# ready to sell all my archery stuff



## SNAPTHIS (Jan 16, 2003)

After 22 years of shooting, four national event wins 8 times runner up two ASA shooter of the year titles I'm ready to give up archery. For the last two years I've been unable to put the pin on the place I want to shoot either on a target or a 3d animal. As example my pin will hang at the very bottom of the yellow on a 3 spot and I'm unable to move the pin up as there is 1000lb. weight on my bow arm. As I come down from the top if the pin happens to stop in the middle my mind will jerk it out instantly.
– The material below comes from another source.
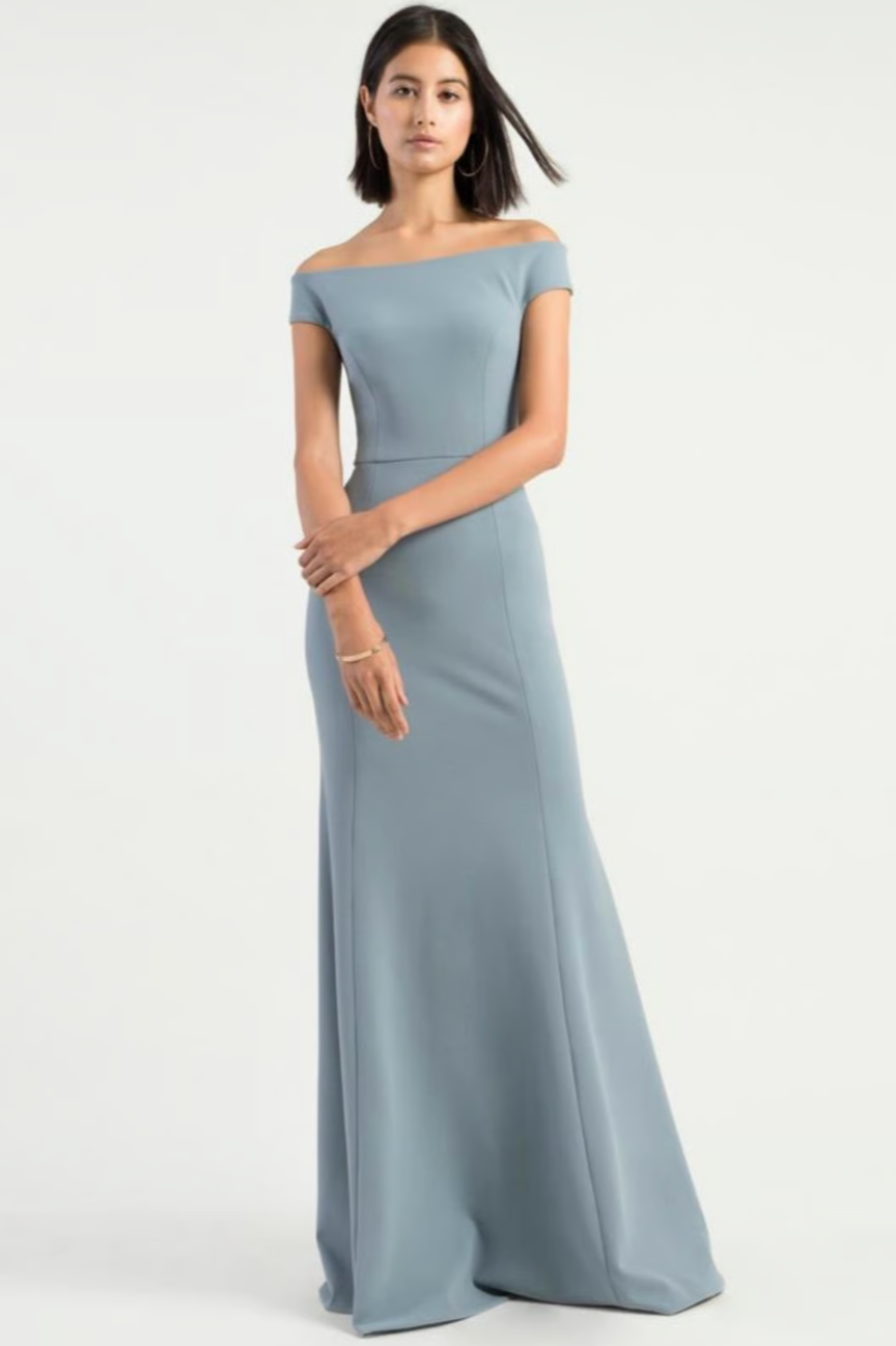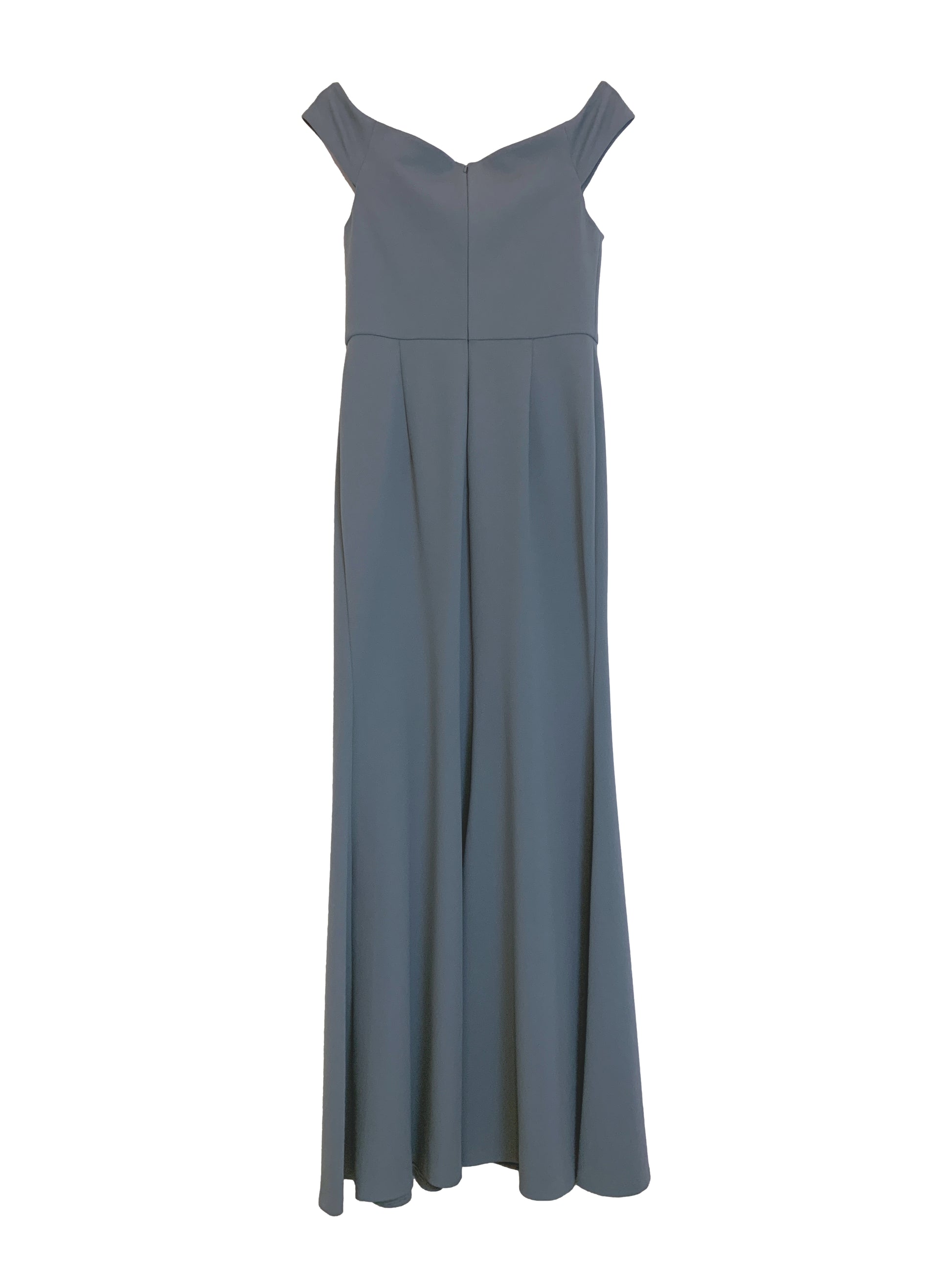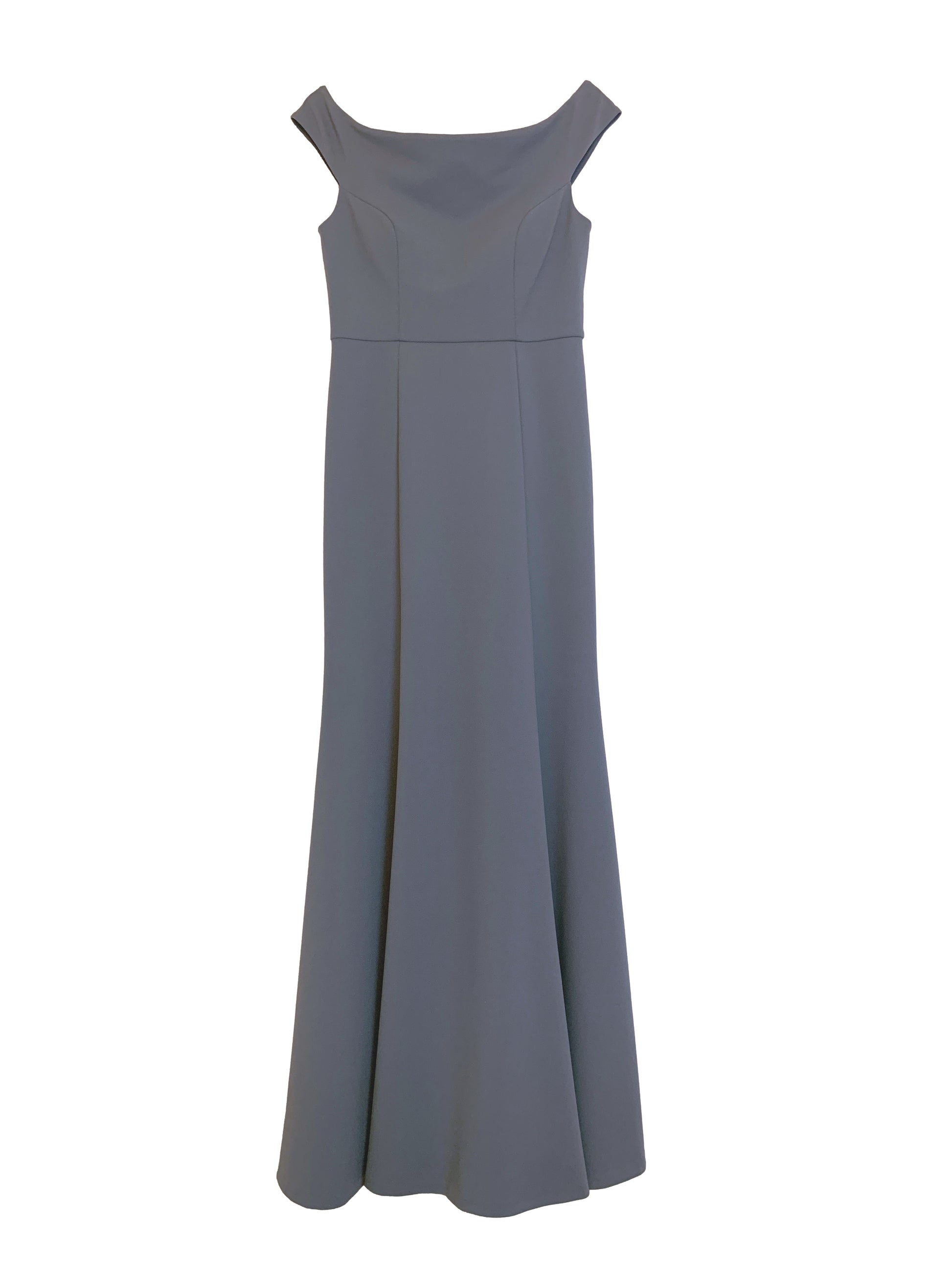 Soft crepe, off shoulder style, princess seam bodice, natural waist, princess seam a-line skirt

The pin normally goes down through the spot and then comes back up but the last two years it won't come into the middle. I've read and tried everything I could get my hands on, including hypnosis, tapes, six different bows, a million different set ups as far as bow tune and form adjustments. I've tried short range large target practice that works until I get back to about 13 or 14 yards then it starts hanging at the bottom of the spot. When the pin is hung at the bottom of the spot I can make a perfectly executed shot that will hit exactly where the pin is. If you have any ideas please comment here maybe you've got something I haven't heard of or tried. Thanks in advance, Mark.........PS I love archery and I love to compete but I can't continue this way


----------



## Z3R0 (Nov 6, 2014)

Roll with it. Click the sight so that you can aim at the bottom of the yellow and the arrows hit the middle.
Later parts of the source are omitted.